Recorded data:

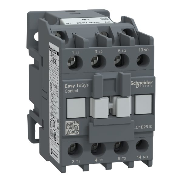 3-полюсний контактор EasyPact TVS для резистивного навантаження та управління двигунами до 25 A 11 кВт при 440 В. Він має котушку змінного струму 220 В 50 Гц, вбудовані допоміжні контакти 1НО, з’єднання живлення та керування за допомогою гвинтових затискачів. Ширина 45,5 мм для стандартної швидкості роботи до 1800 циклів на годину. Він забезпечує стандартну надійність і довговічність із електричною міцністю 1,2 М циклів AC-3 і 10 М циклами механічною довговічністю. Він має робочу температуру від -5 °C до 55 °C і монтується на DIN-рейку, працює без зниження номінальних характеристик на висоті до 3000 м. Сертифіковано за кількома стандартами (IEC, CCC, EAC) і відповідає вимогам Green Premium (RoHs/Reach).
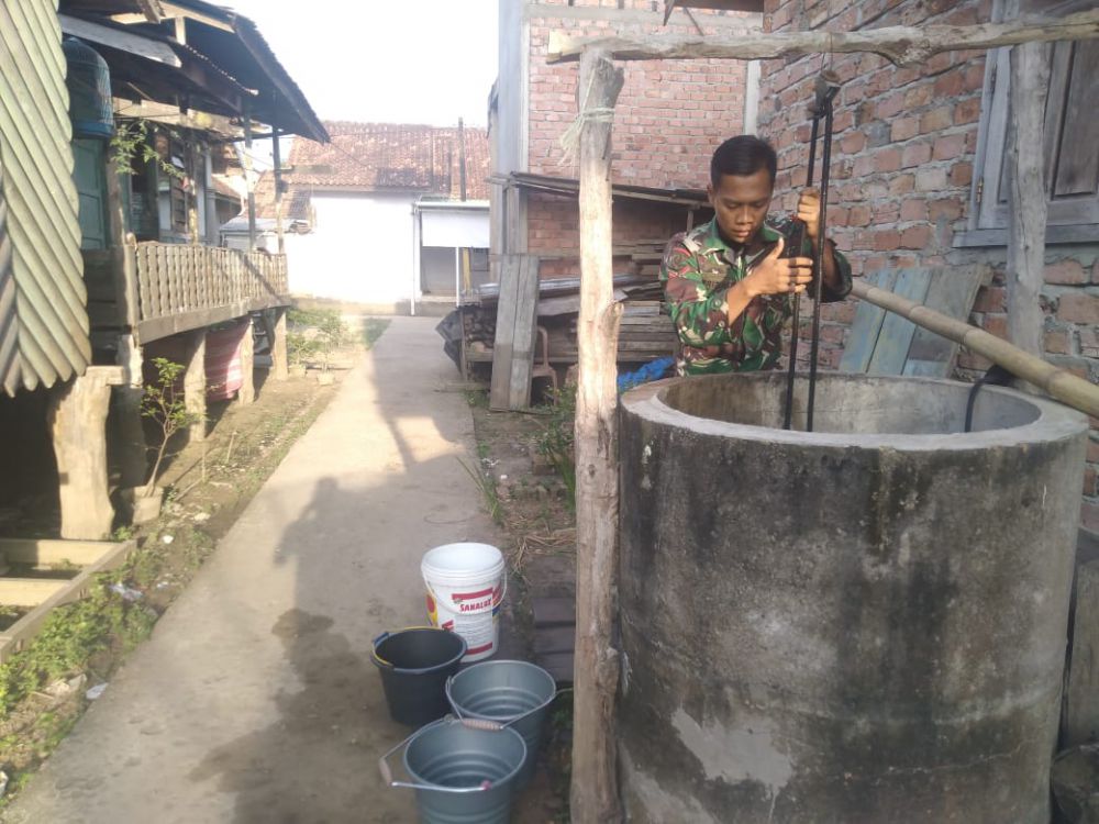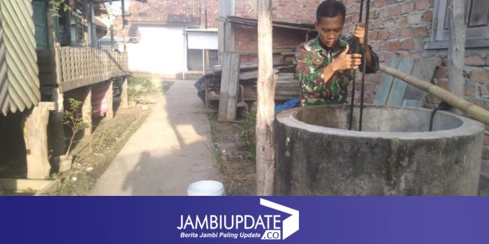 JAMBIUPDATE.CO, JAMBI - Satgas TMMD ke 110 Kodim 0415/Batanghari bantu warga Desa Sungaiterap dalam menimba air di sumur orang tua asuhnya, yakni Sarinah, yang tinggal di kawasan RT 06, Sabtu (6/3/2021).
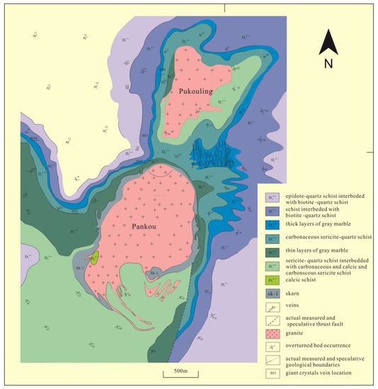 Simplified regional geological map of the Pankou and Pukouling granites, with W-Sn-Be mineralization in veins and pods in surrounding upper Triassic marble and schist of the Zhuwo series (modified after reference [52]).
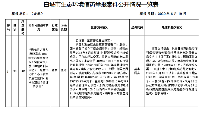 白城市生态环境信访举报案件公开...
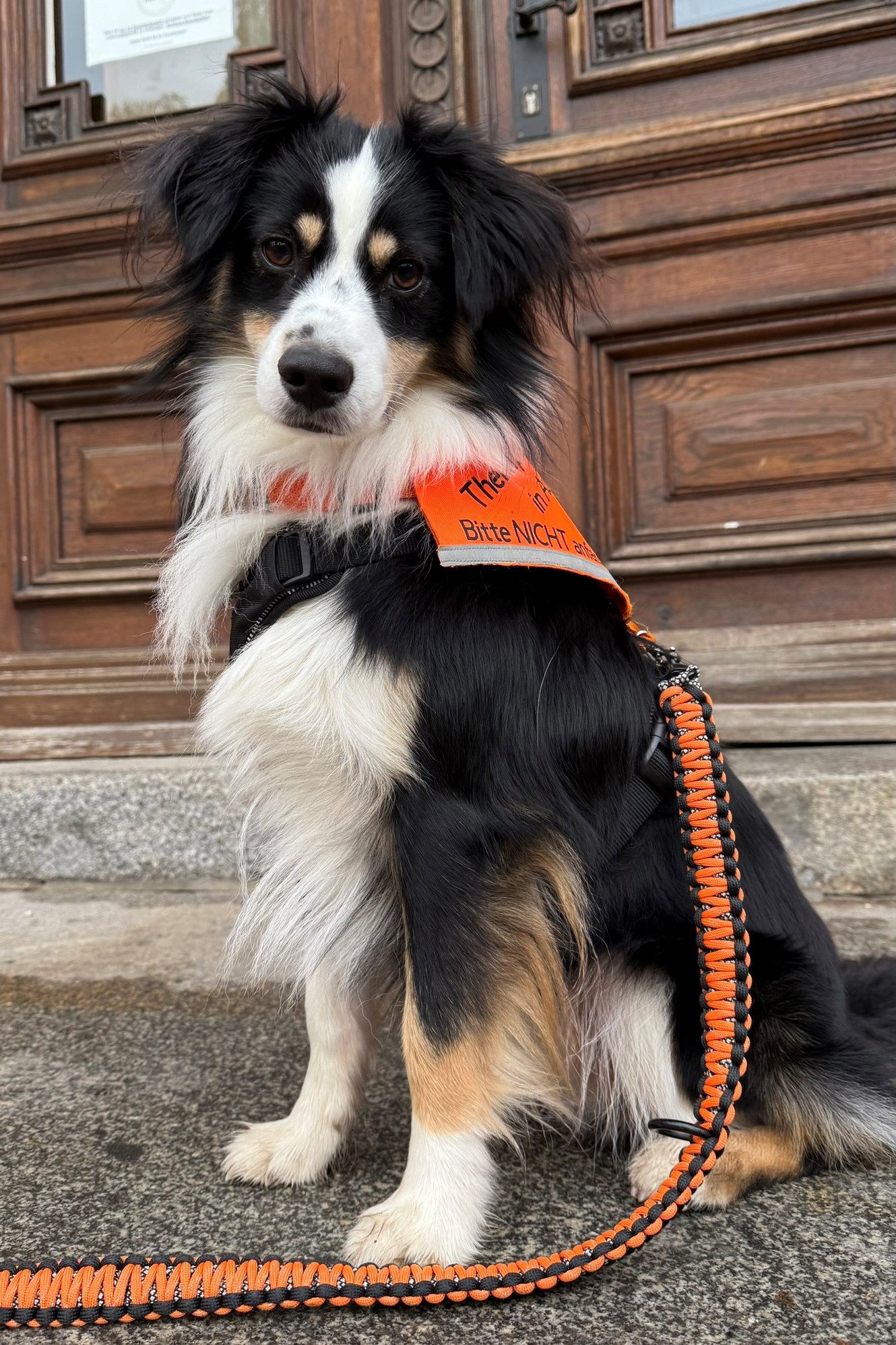 Ein aufmerksamer Blick, ein wedelnder Schwanz und viel Neugier im Gepäck: Domino begleitet seine Besitzerin und Ergotherapeutin Carolin Braunersreuther seit dem Sommer mehrmals die Woche an seinen zukünftigen Arbeitsplatz – die Psychiatrische Institutsambulanz der Universitätsmedizin Halle. Der junge Mini Australian Shepherd befindet sich in Ausbildung zum Therapiebegleithund und sammelt dabei im Klinikalltag erste Erfahrungen, die ihn Schritt für Schritt auf seine spätere Aufgabe vorbereiten. Schon jetzt sorgt seine zutrauliche Art im Team und bei Patient:innen für spürbar mehr Nähe und Vertrauen.

Exercise: Where an entry includes an image, leave that image out; otherwise, reproduce everything exactly.

Result for this task:
 3-полюсний контактор EasyPact TVS для резистивного навантаження та управління двигунами до 25 A 11 кВт при 440 В. Він має котушку змінного струму 220 В 50 Гц, вбудовані допоміжні контакти 1НО, з’єднання живлення та керування за допомогою гвинтових затискачів. Ширина 45,5 мм для стандартної швидкості роботи до 1800 циклів на годину. Він забезпечує стандартну надійність і довговічність із електричною міцністю 1,2 М циклів AC-3 і 10 М циклами механічною довговічністю. Він має робочу температуру від -5 °C до 55 °C і монтується на DIN-рейку, працює без зниження номінальних характеристик на висоті до 3000 м. Сертифіковано за кількома стандартами (IEC, CCC, EAC) і відповідає вимогам Green Premium (RoHs/Reach).
 JAMBIUPDATE.CO, JAMBI - Satgas TMMD ke 110 Kodim 0415/Batanghari bantu warga Desa Sungaiterap dalam menimba air di sumur orang tua asuhnya, yakni Sarinah, yang tinggal di kawasan RT 06, Sabtu (6/3/2021).
 Simplified regional geological map of the Pankou and Pukouling granites, with W-Sn-Be mineralization in veins and pods in surrounding upper Triassic marble and schist of the Zhuwo series (modified after reference [52]).
 白城市生态环境信访举报案件公开...
 Ein aufmerksamer Blick, ein wedelnder Schwanz und viel Neugier im Gepäck: Domino begleitet seine Besitzerin und Ergotherapeutin Carolin Braunersreuther seit dem Sommer mehrmals die Woche an seinen zukünftigen Arbeitsplatz – die Psychiatrische Institutsambulanz der Universitätsmedizin Halle. Der junge Mini Australian Shepherd befindet sich in Ausbildung zum Therapiebegleithund und sammelt dabei im Klinikalltag erste Erfahrungen, die ihn Schritt für Schritt auf seine spätere Aufgabe vorbereiten. Schon jetzt sorgt seine zutrauliche Art im Team und bei Patient:innen für spürbar mehr Nähe und Vertrauen.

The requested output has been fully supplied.